JPS6353086B2 - - Google Patents

Description

DETAILED DESCRIPTION OF THE INVENTION The present invention relates to a supply device and a supply method for supplying a mixture of gas and powder.

For example, in a plasma processing furnace, a plasma jet generator mixes powder of materials such as metals and ceramics with a plasma gas such as helium or argon, or a gas that is to be reacted with the powder such as oxygen gas or nitrogen gas. However, these are sometimes supplied into the plasma as a carrier gas.

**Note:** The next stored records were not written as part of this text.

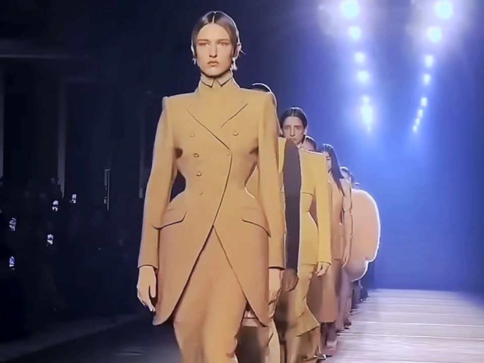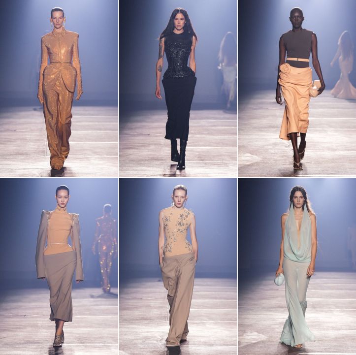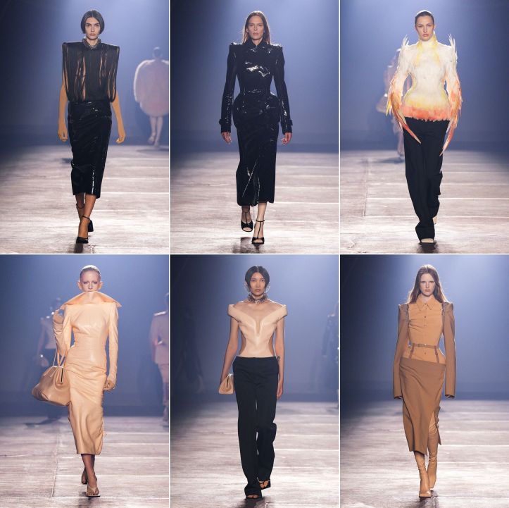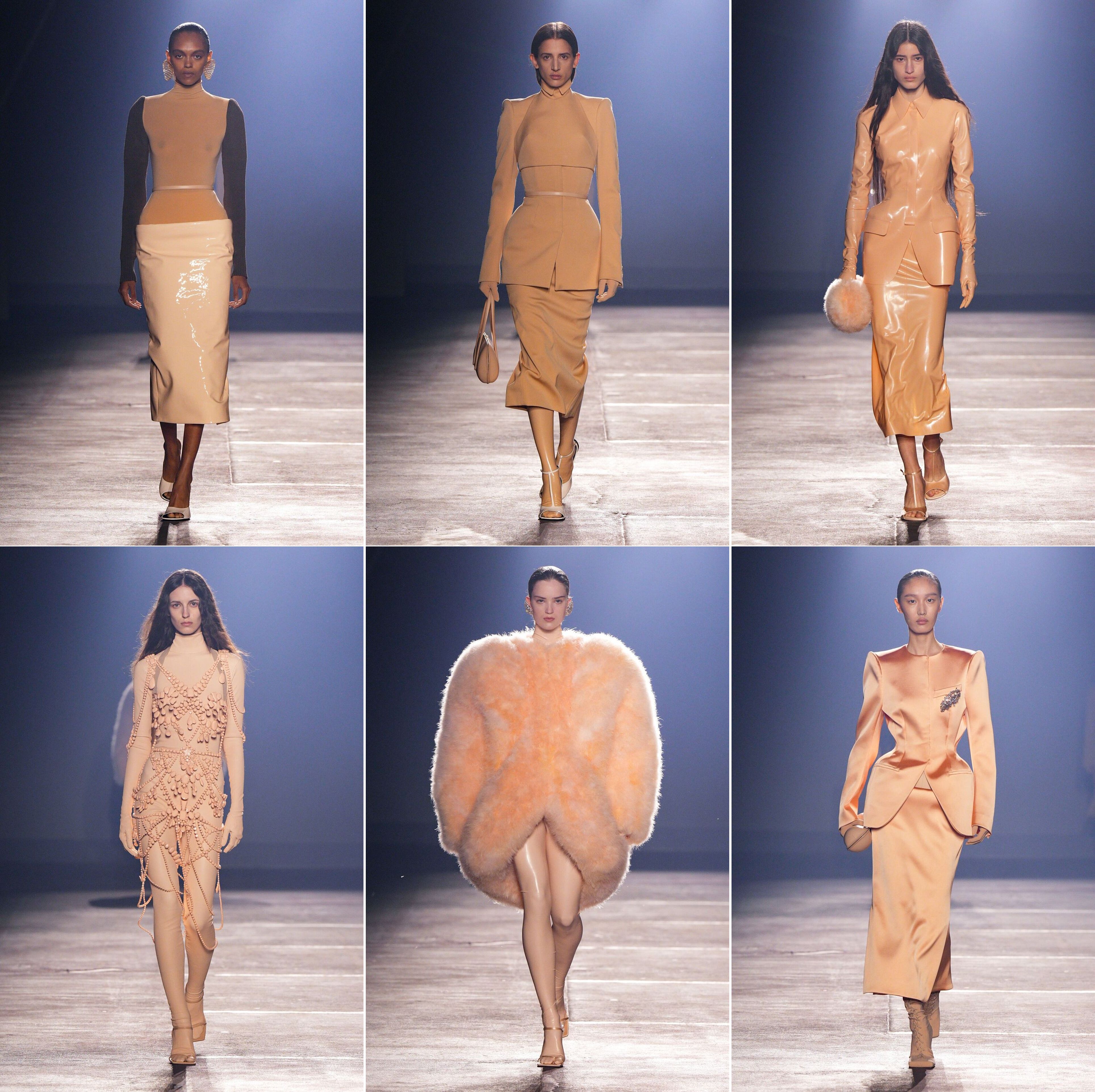 The technical mastery required to articulate forms that were both provocative and evocative, where skin and structure were a sweet spot of creative tension, is the expected result of a résumé built in the atelier. However, what did not work for us was the odd colour palette, the dominance of that shade: What do you call the colour? Tan? Fawn? Nude? A uniformity of the underwear drawer? Or Giambattista Valli’s predictable neutrals? This unexpected emphasis on what could be a beige of a bureaucratic persuasion felt like unnecessary creative compromise. It seemed that, while Miguel Castro Freitas has mastered the Mugler femme fatale or “showgirl”, as it were, he has yet to fully commit to the house’s more persuasive chroma-as-drama.
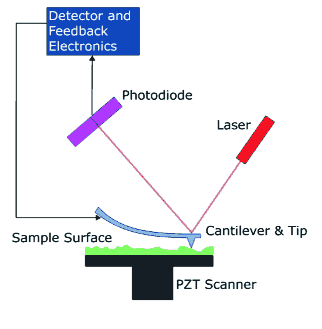 Slika 3. Šematski prikaz AFM (atomic force microscope) spektroskopije. Mikroskopija na bazi atomskih sila sastoji se od konzole na koloj se nalazi oštar vrh (tip). Ovaj vrh se dovede do površine uzorka onoliko blizu dok Van der Valsove sile ne prouzvedu izgib konzole. S druge strane, laserski snop je usmeren na vrh tipa, a reflektovani snop na mrežu (polje) fotodioda. Kada dođe do izgiba konzole, laserski snop reflektovan od tip-a se pomera i pobuđuje različite fotodiode na detektoru. Na ovaj način se dolazi do vizuelizacije oblika površine uzorka. AFM spektroskopija ne zahteva posebne uslove (vakuum ili posebnu pripremu uzoraka) pa se može korisititi i za biološke sisteme. Glavni nedostatak ove tehnike je relativno malo polje merenja površine uzorka (150x150 mikrometara), dok u slučaju STM ono je reda nekoliko milimetara. |
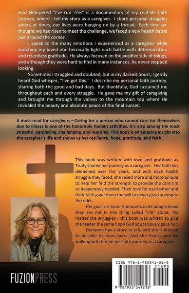 God Whispered "I've Got This" is a documentary of my real-life faith journey, where I tell my story as a caregiver. I share personal struggles when, at times, our lives were hanging on by a thread. Each time we thought we had risen to meet the challenge, we faced a new health battle just around the corner.I speak to the many emotions I experienced as a caregiver while watching my loved one heroically fight each battle with determination and relentless gratitude. He always focused on the positive side of things, and although they were hard to find in many instances, he never stopped looking.…mehr

In this case, it is necessary to maintain the gas at a constant amount and adjust the supply amount of the powder to a predetermined amount, or to mix the powder and the gas at a constant ratio.
In order to supply a mixture of powder and gas, it is necessary to vibrate the slope on which the powder is loaded so that the speed at which the powder moves on the slope is constant, or to stockpile the powder using a plunger or screw. There was one in which a fixed amount of powder was supplied to a flowing gas by extruding a fixed amount from a tank or by smoothing the powder supplied to a belt conveyor to a fixed thickness with a knife or the like. In such conventional methods, the amount of powder supplied is largely dependent on the amount of gas flow, and the amount of powder supplied is substantially determined by the amount of gas flow. Moreover, since the supply of powder to the gas is performed intermittently, it is difficult to maintain a constant mixing ratio. However, when supplying a mixture of gas and powder to a plasma jet generator, the amount of plasma gas supplied must be within the range necessary to maintain stable plasma, and the amount of powder supplied must be within the range required to maintain stable plasma. The mixture ratio of the gas and powder to be reacted with the powder can be adjusted and maintained constant at the predetermined ratio required for chemical reaction, and at the same time, the mixture of gas and powder can be maintained constant. It is also necessary to adjust the supply amount to a predetermined amount. In this way, in order to simultaneously adjust the mixing ratio and supply amount to a predetermined ratio and amount and maintain them constant, in the conventional method described above, the powder supply amount is largely dependent on the gas flow rate, as described above. Therefore, it has been nearly impossible to arbitrarily select the amount of gas flow, set the required amount of powder, and maintain it constant.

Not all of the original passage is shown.